# Syllable tokenizer

<div class="alert alert-info">

This tutorial is available as an IPython notebook at [Malaya/example/tokenizer-syllable](https://github.com/huseinzol05/Malaya/tree/master/example/tokenizer-syllable).
    
</div>

<div class="alert alert-warning">

This module only suitable for standard language structure, so it is not save to use it for local language structure.
    
</div>

In [1]:
import os

os.environ['CUDA_VISIBLE_DEVICES'] = ''
os.environ['TF_FORCE_GPU_ALLOW_GROWTH'] = 'true'

In [2]:
%%time
import malaya

  warn("The installed version of bitsandbytes was compiled without GPU support. "

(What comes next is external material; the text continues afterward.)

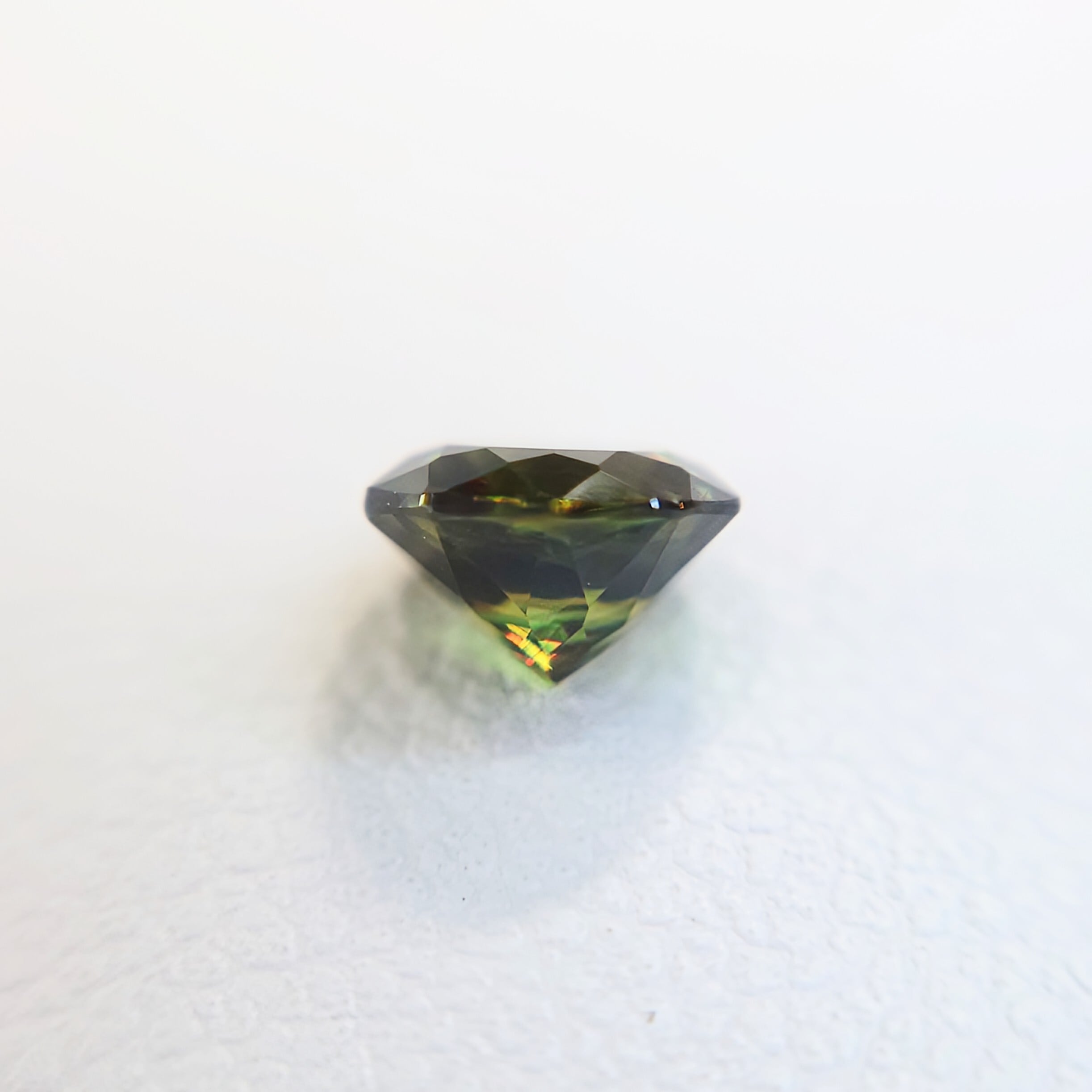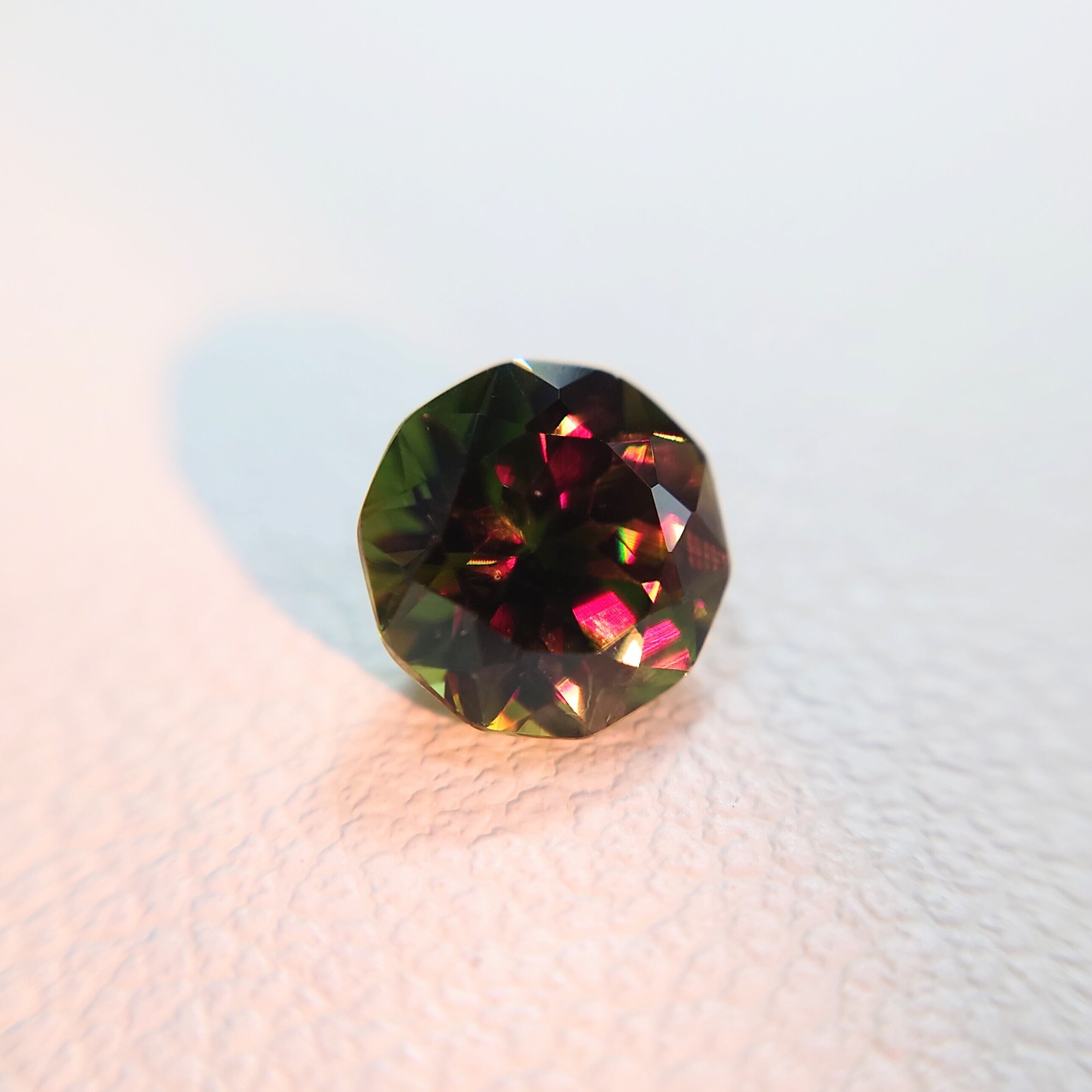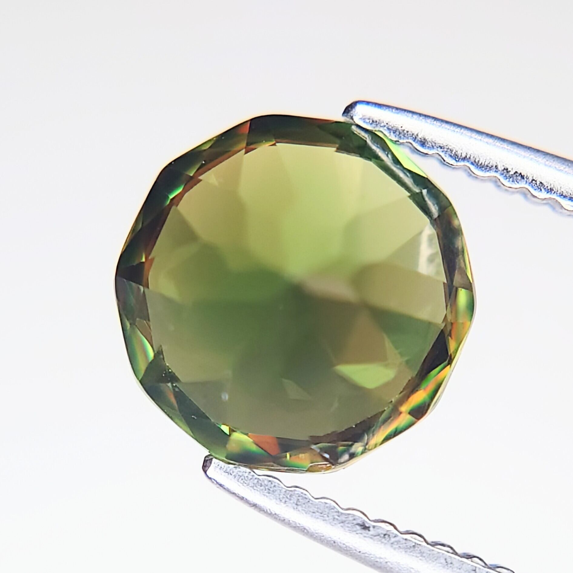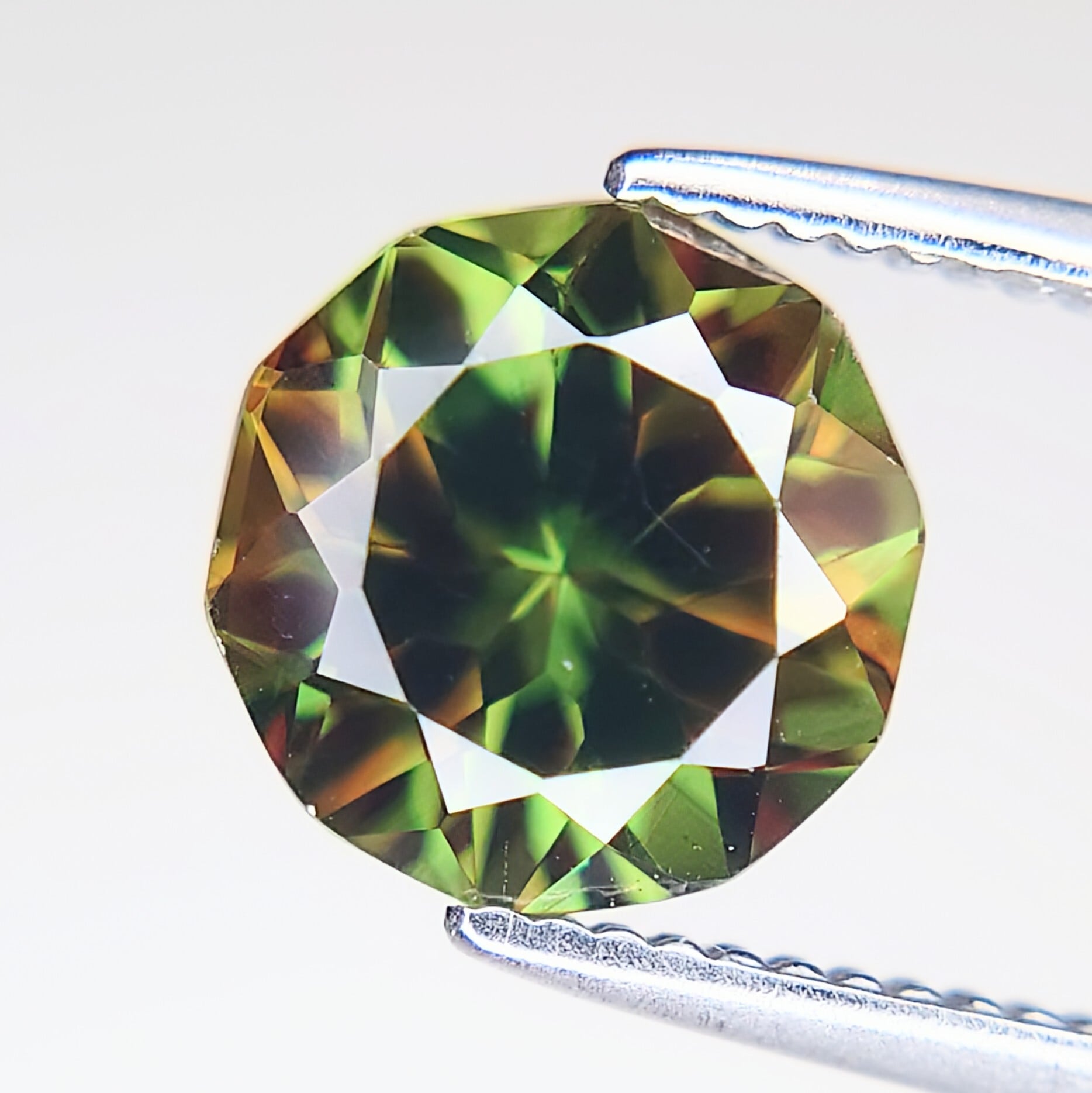 モディファイド ラウンド ブリリアント カットは、スフェーン特有の高い屈折率と分散を最大限に活かし、

/home/husein/.local/lib/python3.8/site-packages/bitsandbytes/libbitsandbytes_cpu.so: undefined symbol: cadam32bit_grad_fp32
CPU times: user 3.2 s, sys: 2.88 s, total: 6.08 s
Wall time: 2.56 s


  self.tok = re.compile(r'({})'.format('|'.join(pipeline)))
  self.tok = re.compile(r'({})'.format('|'.join(pipeline)))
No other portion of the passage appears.